=== DIRECTIONS FOR THIS TASK ===
Each line below must be set down exactly; omit any image you find.
======== EXERCISE INPUT ========
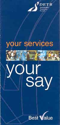 Leták vydaný centrálním oddělením pro životní prostředí, dopravu a regióny, ve spolupráci s rozvojovou agenturou a Asociací místních vlád. Od čištění ulic ke školství, od bydlení k sociální pomoci a od parkování k parkům jsou místní radnice srdcem komunity, poskytující nezbytné služby, na které se všichni spoléháme. Většina místních radnic tvrdě pracuje, aby své služby zlepšila. Na pomoc a podporu přináší vláda Best Value. Vaše služby, Vaše slovo - leták (Birmingham)
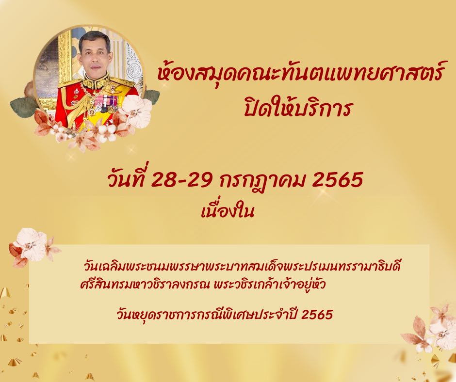 ห้องสมุดปิดให้บริการในวันที่ 28-29 กรกฎาคม 2565
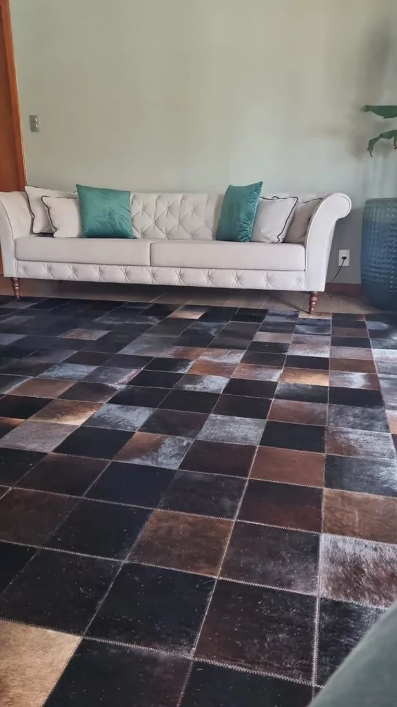 Confeccionado com recortes quadrados de couro legítimo natural em tons de marrom e café. Tapete forrado, antiderrapante , impermeável e com tratamento especial para decoração.
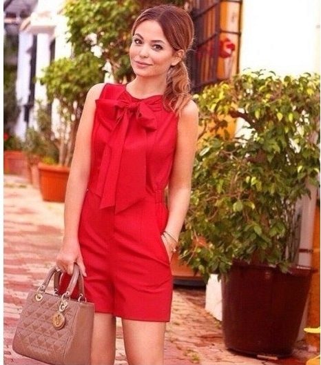 In the season of 2017 in bright red color for brave girls. More restrained models of overalls are made in soothing shades of red. Unusually looks print on a red background (stripes, stains).
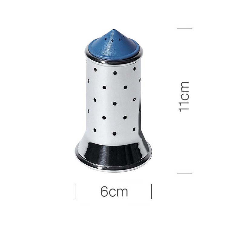 Alessi MGSAL – salière en acier inoxydable 18/10 brillant avec couvercle en PA, bleu clair. Design Michael Graves.
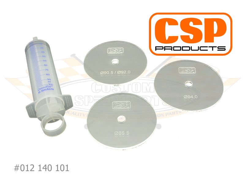 Mit diesen Meßkits ist ein einfaches Ermitteln des Brennraumvolumens von Typ-1 oder Typ-4 Zylinderköpfen möglich. Geliefert werden diese Sätze jeweils mit einer Spritze (100 ml) und 3 Meßscheiben. Das Typ-1 Meßkit wird mit Scheiben für 85,5, 90,5/92 und 94 mm Bohrung geliefert. Der Typ-4 Satz enthält Scheiben für 93 mm (1700ccm), 93 (1800ccm)/94/96 mm und 103/105 mm Bohrung.
========
=== RESULT OF THE TASK ===
 Leták vydaný centrálním oddělením pro životní prostředí, dopravu a regióny, ve spolupráci s rozvojovou agenturou a Asociací místních vlád. Od čištění ulic ke školství, od bydlení k sociální pomoci a od parkování k parkům jsou místní radnice srdcem komunity, poskytující nezbytné služby, na které se všichni spoléháme. Většina místních radnic tvrdě pracuje, aby své služby zlepšila. Na pomoc a podporu přináší vláda Best Value. Vaše služby, Vaše slovo - leták (Birmingham)
 ห้องสมุดปิดให้บริการในวันที่ 28-29 กรกฎาคม 2565
 Confeccionado com recortes quadrados de couro legítimo natural em tons de marrom e café. Tapete forrado, antiderrapante , impermeável e com tratamento especial para decoração.
 In the season of 2017 in bright red color for brave girls. More restrained models of overalls are made in soothing shades of red. Unusually looks print on a red background (stripes, stains).
 Alessi MGSAL – salière en acier inoxydable 18/10 brillant avec couvercle en PA, bleu clair. Design Michael Graves.
 Mit diesen Meßkits ist ein einfaches Ermitteln des Brennraumvolumens von Typ-1 oder Typ-4 Zylinderköpfen möglich. Geliefert werden diese Sätze jeweils mit einer Spritze (100 ml) und 3 Meßscheiben. Das Typ-1 Meßkit wird mit Scheiben für 85,5, 90,5/92 und 94 mm Bohrung geliefert. Der Typ-4 Satz enthält Scheiben für 93 mm (1700ccm), 93 (1800ccm)/94/96 mm und 103/105 mm Bohrung.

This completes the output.